AP Statistics
Understanding Statistics
Introduction to Statistics
Statistics serves to help answer important real-world questions based on variable data.
Key questions to consider in statistical analysis:
How do we identify the question to be answered or problem in a given context?
How can statistics provide insights?
Case Study - Flint Michigan Water Crisis
Location: Flint, Michigan
Date: April 2014
Reason for Crisis: Switching the water supply to save money.
Impact on Residents:
Complaints about water quality (looks, smell, taste).
Health issues reported such as rashes, hair loss, itchy skin.
Conclusion: Data analysis revealed the water was unsafe to drink despite claims from officials.
Understanding Data
Variables
Individuals: Refers to people, animals, or things described by the data.
Examples include ID numbers or survey participants.
Variables: Characteristics that can change from one individual to another.
Types of variables:
Categorical Variables: Non-numerical values that represent categories.
Examples: Zip codes, grade levels.
Quantitative Variables: Numerical values representing counted or measured quantities.
Importance of including units of measurement.
Classifying Variables
Categorical Data: Values of a categorical variable in a dataset.
Quantitative Data: Values of a quantitative variable.
Organizing Categorical Data
Categorical Tables
Frequency Table: Shows the number of individuals in each category.
Relative Frequency Table: Shows the percentage of individuals in each category.
Importance: Categorical data can be presented in graphical forms like bar graphs and pie charts.
Creating Bar Graphs
Labels:
Axes (X-axis: Categories, Y-axis: Frequency)
Equally spaced bars.
Height represents frequency.
Visual Example:
Pie Charts: Used for categorical data with a legend for clarity.
Visual Example:
Quantitative Data
Types of Quantitative Variables
Discrete Variables: Countable number of values (e.g., number of siblings).
Continuous Variables: Can take on infinite values within a range (e.g., height).
Graphs for Quantitative Data
Dot Plots: Show individual values and distribution.
Visual Example:

Stem and Leaf Plots: Similar benefits as dot plots but can be cumbersome for larger datasets.
Visual Example:

Histograms: Easier for larger datasets; show the shape of the distribution but do not display individual values.
Visual Example:

Describing Data Distribution
Shape:
Symmetric, Skewed (left/right), Unimodal, Bimodal, Uniform.

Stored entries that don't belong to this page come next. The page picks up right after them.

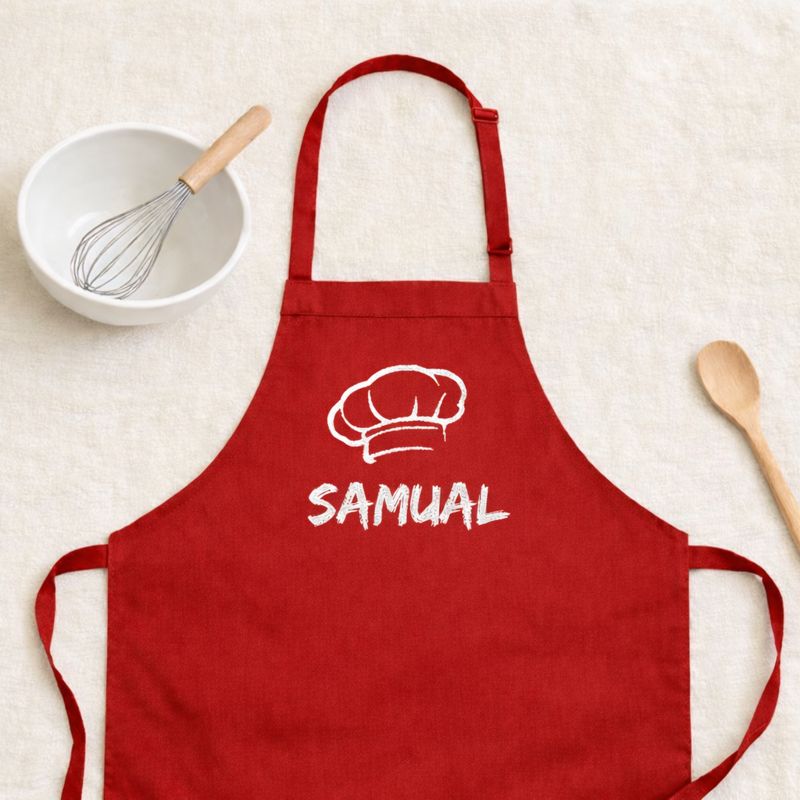 Dit gepersonaliseerde keuken schort is ideaal als cadeau voor een verjaardag, feestdag of gewoon als verrassing voor kleine kookliefhebbers.
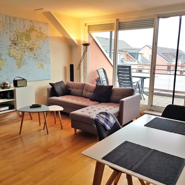Von hier aus gelangt man in das helle Wohnzimmer mit angrenzender Dachterrasse, die überdacht ist.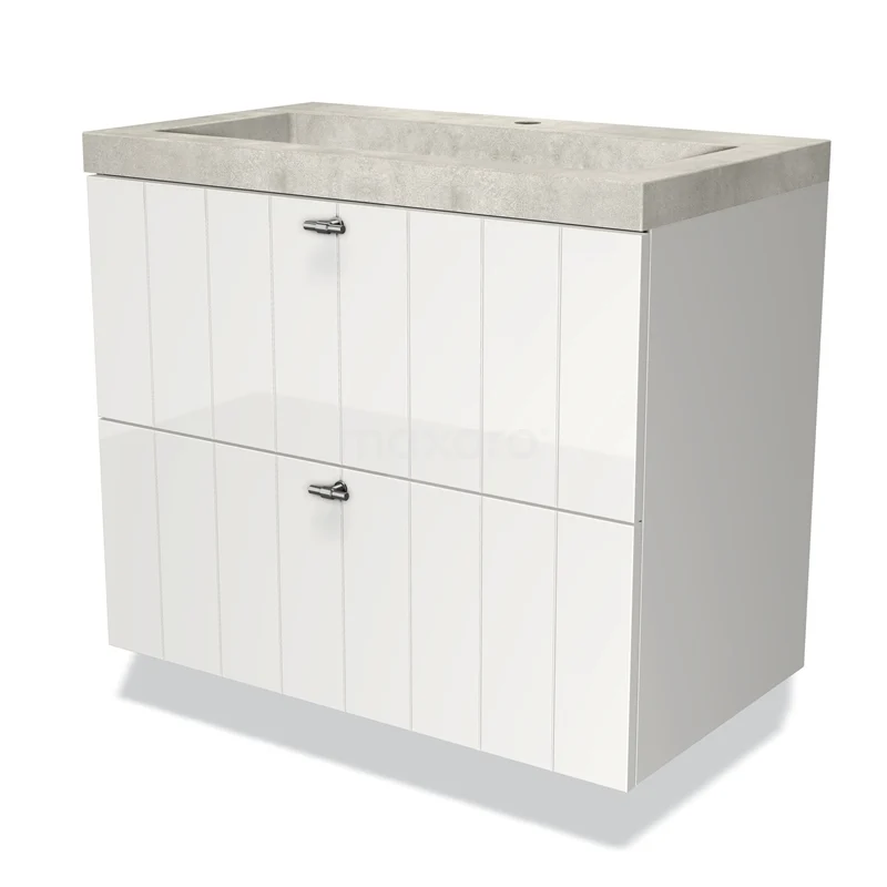 Modulo Bathroom furniture with sink | 80 cm High-gloss white Slat front Concrete 2 Stacked drawers

Center: Most indicative value of the dataset.
Variability: Spread of the data; can be assessed through range and interquartile range (IQR).

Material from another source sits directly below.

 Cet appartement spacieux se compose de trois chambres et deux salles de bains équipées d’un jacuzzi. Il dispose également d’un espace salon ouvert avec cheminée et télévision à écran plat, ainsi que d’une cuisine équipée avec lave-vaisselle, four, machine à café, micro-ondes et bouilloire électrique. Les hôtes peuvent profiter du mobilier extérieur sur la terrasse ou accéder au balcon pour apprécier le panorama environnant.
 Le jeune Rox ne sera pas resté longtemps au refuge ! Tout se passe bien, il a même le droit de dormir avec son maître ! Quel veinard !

Unusual Features: Outliers and their impact on mean and standard deviation.
Statistical Summary
Measures of Central Tendency
Mean: Average value = (sum of values) / (number of values).
Median: Middle value of an ordered set.
Quartiles:
Q1: Median of the first half.
Q3: Median of the second half.
Variability:
Range: Difference between the max and min values.
Standard Deviation: Measures how spread out values are from the mean.
Outlier Detection
Methods to Identify Outliers
Value more than 1.5 times IQR outside Q1 or Q3.
Value that lies more than 2 standard deviations from the mean.
Impact of Outliers on Statistics
Outliers can skew summary statistics, with effects differing between resistant and non-resistant measures:
Resistant: Median, IQR
Non-resistant: Mean, standard deviation, range
Comparing Distributions
Characteristics to analyze: Shape, Center, Variability, Unusual Features.
Contextual comparisons help in understanding data differences and implications.
Understanding Normal Distribution
A key model for understanding quantitative data distribution, appears as a bell curve.
Empirical Rule: 68% of values within 1 SD, 95% within 2 SD, 99.7% within 3 SD from the mean.
Exploring 2-Variable Data
Related Variables
Categorical and quantitative data can show relationships through graphical representations such as bar graphs and scatter plots.
Correlation Coefficient (r): Measures strength and direction of a linear relationship between two variables.
Values range from -1 (perfect negative) to 1 (perfect positive).
Causation vs. Correlation: High correlation does not imply causation due to other influencing factors.
Regression Analysis
Linear Regression Model: Predicts the response variable based on the explanatory variable; represented with the equation ŷ = a + bx.
Residuals: Measure prediction accuracy; analyzed through residual plots for model fit.
Coefficient of Determination: Indicates percentage of variation in response variable explained by the explanatory variable.
Data Collection Considerations
Importance of proper sampling techniques to ensure representativeness:
Random Sampling vs. Non-Random Sampling.
Be aware of confounding factors that can impact study conclusions.